A good way to explain a caloric deficit is to first understand how the body converts food into energy and uses that energy for maintenance and growth. It has been long understood that the calories consumed through the diet are burned in three major ways: basal metabolism, physical activity, and thermogenesis.
The largest bulk of the calories burned is through basal metabolism which takes about 70% to simply run and operate the body. Around 10% of the calories would be used to simply process and digest the food in thermogenesis. Lastly, 20% of the calories are attributed to physical activity and making the body do mechanical work.
When calories are considered as a currency for energy, it means that there is a certain caloric requirement to simply keep the body at a balanced level. In this case, eating more calories than the body uses up would cause a caloric surplus while eating fewer calories than the body uses up would result in a caloric deficit. This is also the concept used in weight loss and weight gain as a caloric surplus would lead to weight gain and a caloric deficit would lead to weight loss.
Going back to the problem, people transitioning to vegan diets might experience issues with their energy because they might not be eating the right number of calories. It is established that plant-based food products are simply less calorie-dense compared to animal-based products. Although a person might feel full immediately after eating their vegan meal, they are actually not eating enough to sustain themselves.
A caloric deficit would easily explain why people would experience a general feeling of lethargy, fatigue, or sleepiness because caloric deficits signal the body to sleep to conserve energy. A subsequent problem that people have with this is that taking naps during the day because of their caloric deficits can then interrupt their normal sleep cycles and lead to trouble sleeping at night.
Many vegans have claimed that a big benefit to transitioning over to veganism is that people get introduced to new dishes and recipes that they might not have tried before. This is especially true as vegans make an effort to make their meals enjoyable and exciting. However, it is a common report that a person who has just started eating vegan food would experience being hungry more often.

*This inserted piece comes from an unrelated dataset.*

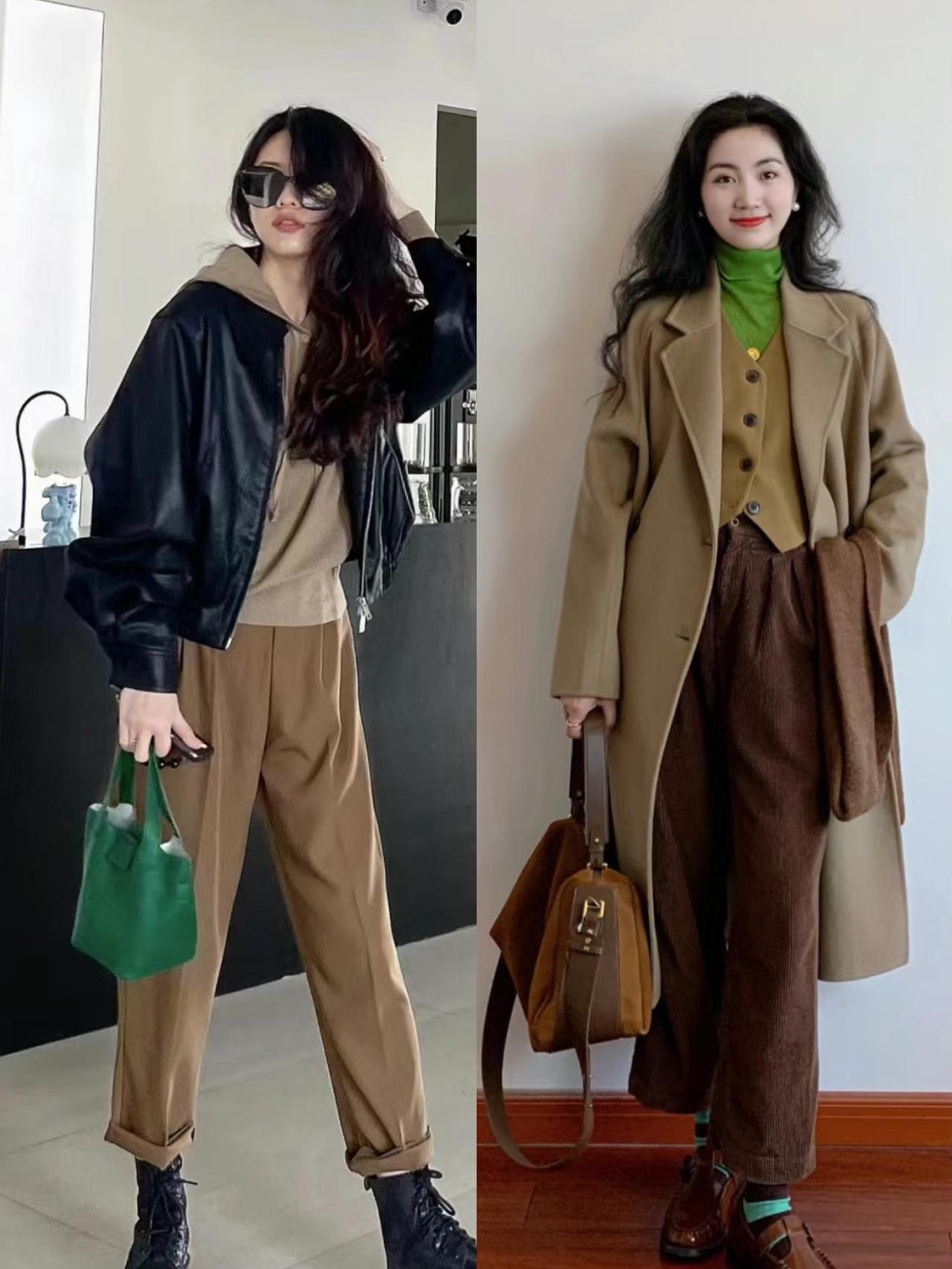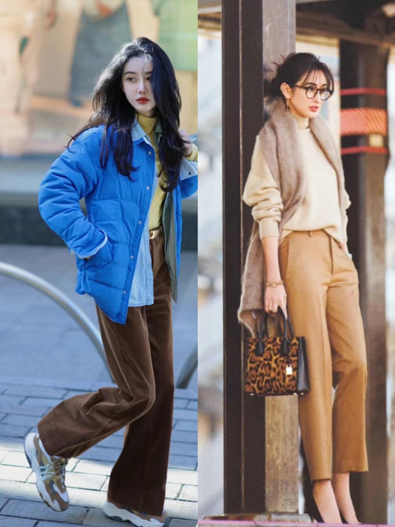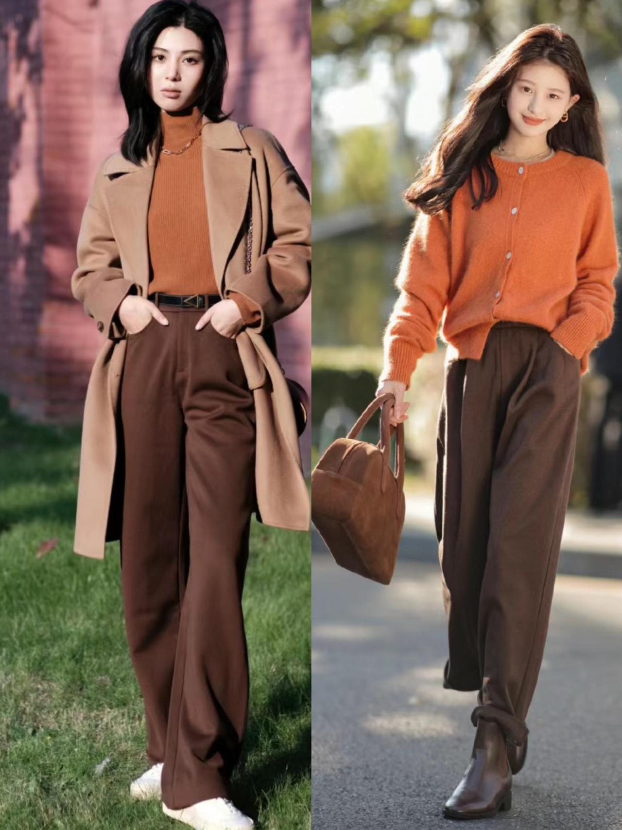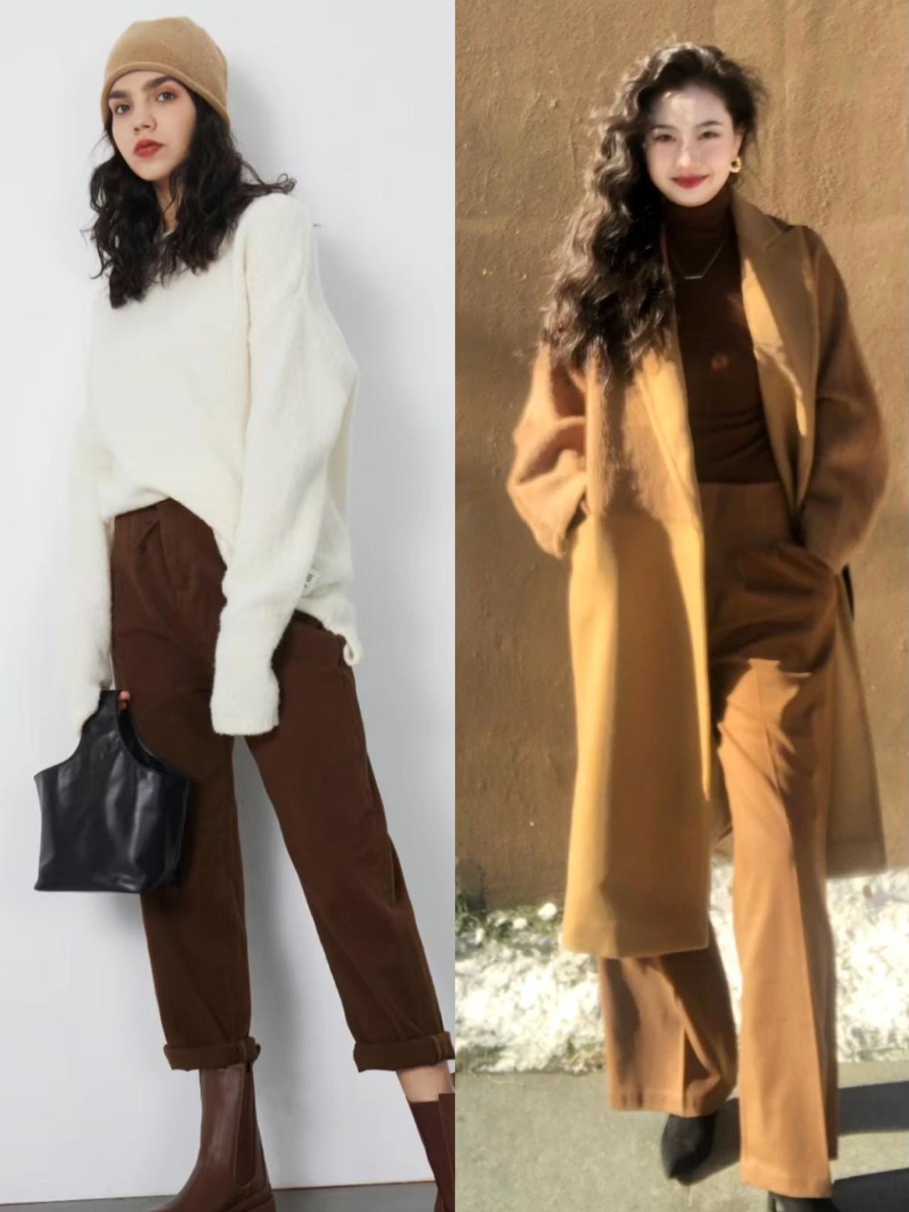 冬天里的氛围感,都是“咖色裤子”给的,这样搭显白又提气质 冬天里的咖色裤子,不仅有温暖感,还能增加气质。可以搭配西装外套、针织衫、夹克外套、双面呢大衣、条绒裤和毛呢裤等款式,选择高腰裤、直筒裤、锥形裤等适合自己的款式。搭配技巧是,内搭修身保暖,外搭利落显气质。

This can also be attributed to a caloric deficit just like the energy issues discussed above. However, there are also some other factors that can also lead to new vegans feeling hungry more often.
The body requires large amounts of materials for energy and to use as building blocks as well. The food that the body needs in these amounts can be generally categorized among carbohydrates, lipids, and proteins. In contrast, there are substances that the body requires in very small amounts such as vitamins and minerals. These are called micronutrients.
The three different macronutrients play different roles in the body. This is because they are all made of distinct chemical compositions that distinguish them from one another. However, the body also distinguishes the three macronutrients by how it responds to them. In terms of hunger, there are certain hormones that are activated differently in response to these macronutrients.
For example, the hormone responsible for feeling hungry is called ghrelin. When the ghrelin is up, the body feels hungry. Ghrelin levels also go down when a person is becoming full. However, studies have found that ghrelin responds differently when a meal is protein-rich compared to when it is carbohydrate-rich. These studies have found that carbohydrate-rich meals, like plant-based diets, can quickly lower ghrelin levels which make people feel full right away. However, ghrelin levels also shoot back up quicker compared to the ghrelin levels after a protein-rich meal.
This is important to consider for people transitioning to veganism because although plant-based diets can be rich in carbohydrates, they have to balance out their macronutrients to adjust their hormone levels accordingly. There are plenty of protein-rich food items that are vegan such as legumes. A healthy diet should also include healthy lipids and fats from avocados, nuts, and such.